The most helpful truth I learned

There’s no way to make death and grief OK. Death is an aberration in God’s universe, and every time we meet it there is suffering. We try all kinds of things to delay it, ignore it, and pretend we can evade it, but not one of us can escape death. Death hurts – a lot.

Grief is many things; loss, loneliness, anxiety, stress, anger, depression, exhaustion, and so much more. Grief comes in waves, and each one is different than the one before. If you’ve lost someone close to you, even caring friends are unlikely to fully appreciate its deep and long-lasting impact on your mind, heart, and life.

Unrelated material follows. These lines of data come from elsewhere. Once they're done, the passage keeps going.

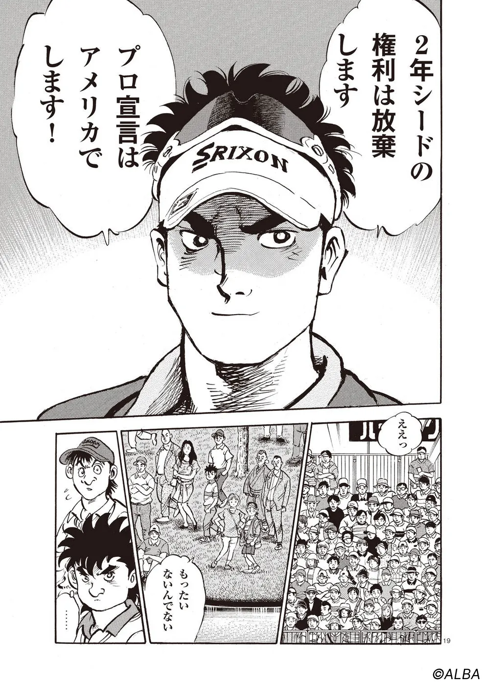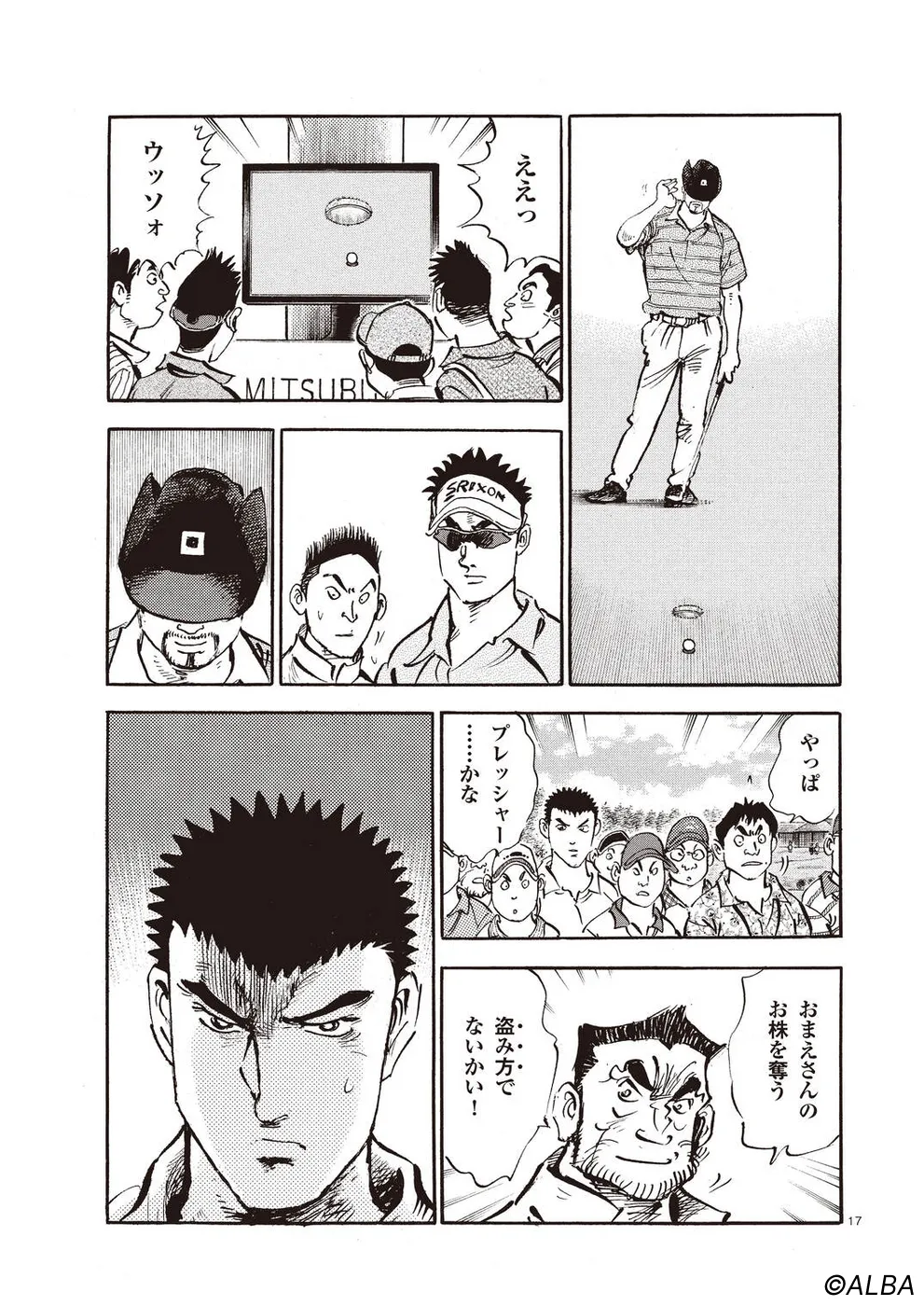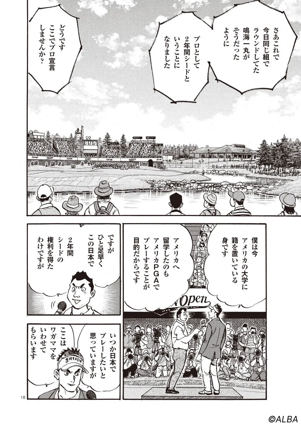 【第66巻あらすじ】最強アマ、松井英樹との戦いはいよいよクライマックスに。お互いのプライドをかけた勝負は最終18番で思いもよらないドラマを生む。しかし、ミズオオープンが終了すると、一丸は予選も通過できないほどのスランプに。その原因を探るべく、長年戻っていなかった実家へと帰る。そこで待っていた人物とは!?
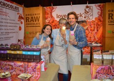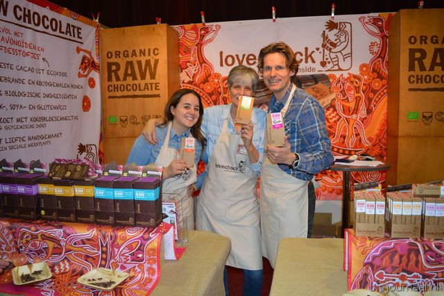 "Laetitia Sanchez, Ellen Moons en Peter-Paul Balk presenteerden op de Bio-beurs de vernieuwde verpakking van de Lovechock Rocks. Ellen: "Met deze verpakking gebruiken we veel minder materiaal. Ook hebben we de kokos-rozijnenvariant vervangen voor hazelnoot- vanille." Begin februari introduceert Lovechock 'Mylk'."
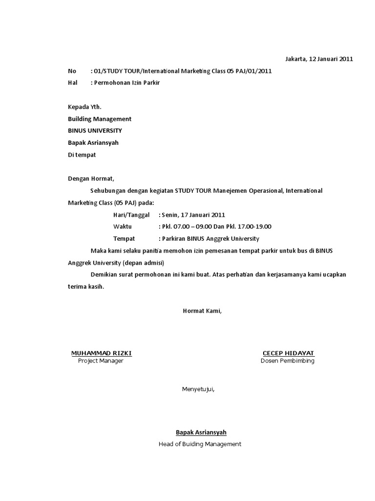 Contoh Surat Permohonan Izin Tempat Parkir - Sederet Tempat

I think the best word to describe the impact of death on those of us left behind is pain. What do you do with the pain as a widow? The death of my husband Al last year wounded me deeply. And yet I’m still standing. Some days are harder than others, but I keep going. Some have asked how I can do so. It’s more than simply knowing God, although that’s important.

Several things have been helpful in my grief journey, but there’s one thing I’ve come to know that has made the most difference. And it is this:

It’s not supposed to not hurt.

You could take out the double negative and it would still be true; this is supposed to hurt. This is not OK. And when we as Christians try to make it OK we cripple our own hearts and miss out on the empowerment God would like to gift us with.   Tweet that.

For those of us going through grief it often seems that if we could just make the pain go away everything would be alright. But that’s not what God promises, at least not yet.

And it’s not even true. If the pain would magically go away, so would the memories, the love, the gift of that person in your life. That is true even if the relationship also included suffering.

Pain means we care. Pain means we loved. Pain means this is not the way God intended our lives and the world to be. Pain means our love was deep, our lives are different because of that loved one’s place in it, and their time on this earth changed us forever. Those are good things. Would we really not want to hurt at the death of someone we cared about so deeply?

It’s not supposed to not hurt.

So what do you do with the pain? How do you go on? Can you even go on?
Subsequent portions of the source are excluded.